§ **TASK DETAILS**: The following data has a line with "This sky blue" and a line with "Belize has a". Write out exactly those lines and all the lines between them.

§ **SUPPLIED DATA**:
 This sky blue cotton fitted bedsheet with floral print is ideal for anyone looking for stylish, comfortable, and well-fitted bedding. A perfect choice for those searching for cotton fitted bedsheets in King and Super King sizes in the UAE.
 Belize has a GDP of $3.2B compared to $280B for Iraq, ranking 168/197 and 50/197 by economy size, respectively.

---

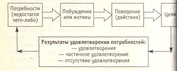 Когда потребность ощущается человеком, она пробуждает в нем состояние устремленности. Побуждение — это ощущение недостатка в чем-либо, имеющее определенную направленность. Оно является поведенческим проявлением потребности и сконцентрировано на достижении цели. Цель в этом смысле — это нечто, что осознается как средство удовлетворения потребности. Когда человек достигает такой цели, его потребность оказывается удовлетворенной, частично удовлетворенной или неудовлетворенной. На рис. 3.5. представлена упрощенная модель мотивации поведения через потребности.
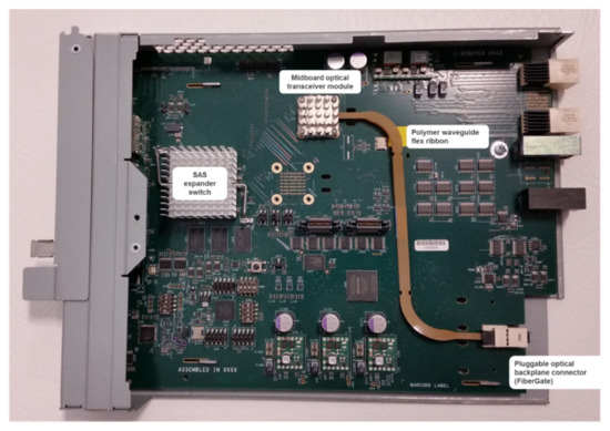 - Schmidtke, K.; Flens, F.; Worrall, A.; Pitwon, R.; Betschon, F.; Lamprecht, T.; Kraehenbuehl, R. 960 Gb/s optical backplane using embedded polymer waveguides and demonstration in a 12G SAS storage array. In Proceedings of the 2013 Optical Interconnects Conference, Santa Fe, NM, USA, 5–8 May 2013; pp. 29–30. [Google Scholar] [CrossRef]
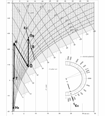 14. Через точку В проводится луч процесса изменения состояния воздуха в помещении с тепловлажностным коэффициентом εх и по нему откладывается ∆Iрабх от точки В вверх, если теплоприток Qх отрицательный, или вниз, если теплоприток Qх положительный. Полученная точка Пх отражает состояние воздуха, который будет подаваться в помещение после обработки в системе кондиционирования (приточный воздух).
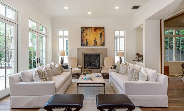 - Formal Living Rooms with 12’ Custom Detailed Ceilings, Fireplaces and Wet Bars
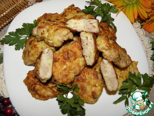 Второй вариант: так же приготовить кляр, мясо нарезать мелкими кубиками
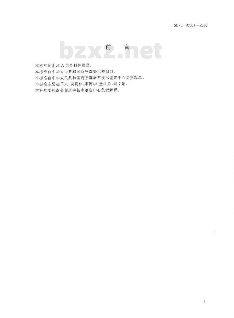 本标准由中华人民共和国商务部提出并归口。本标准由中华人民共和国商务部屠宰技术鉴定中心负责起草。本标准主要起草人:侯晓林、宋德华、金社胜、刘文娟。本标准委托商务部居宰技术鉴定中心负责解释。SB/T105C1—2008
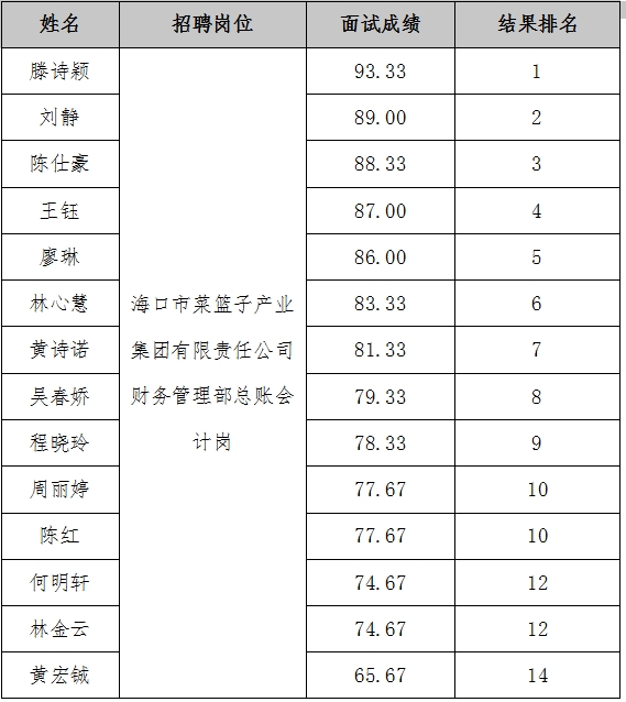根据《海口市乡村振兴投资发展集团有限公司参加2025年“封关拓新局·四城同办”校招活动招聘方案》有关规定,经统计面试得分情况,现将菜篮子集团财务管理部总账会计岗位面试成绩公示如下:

§ **SOLUTION BELOW**:
 This sky blue cotton fitted bedsheet with floral print is ideal for anyone looking for stylish, comfortable, and well-fitted bedding. A perfect choice for those searching for cotton fitted bedsheets in King and Super King sizes in the UAE.
 Belize has a GDP of $3.2B compared to $280B for Iraq, ranking 168/197 and 50/197 by economy size, respectively.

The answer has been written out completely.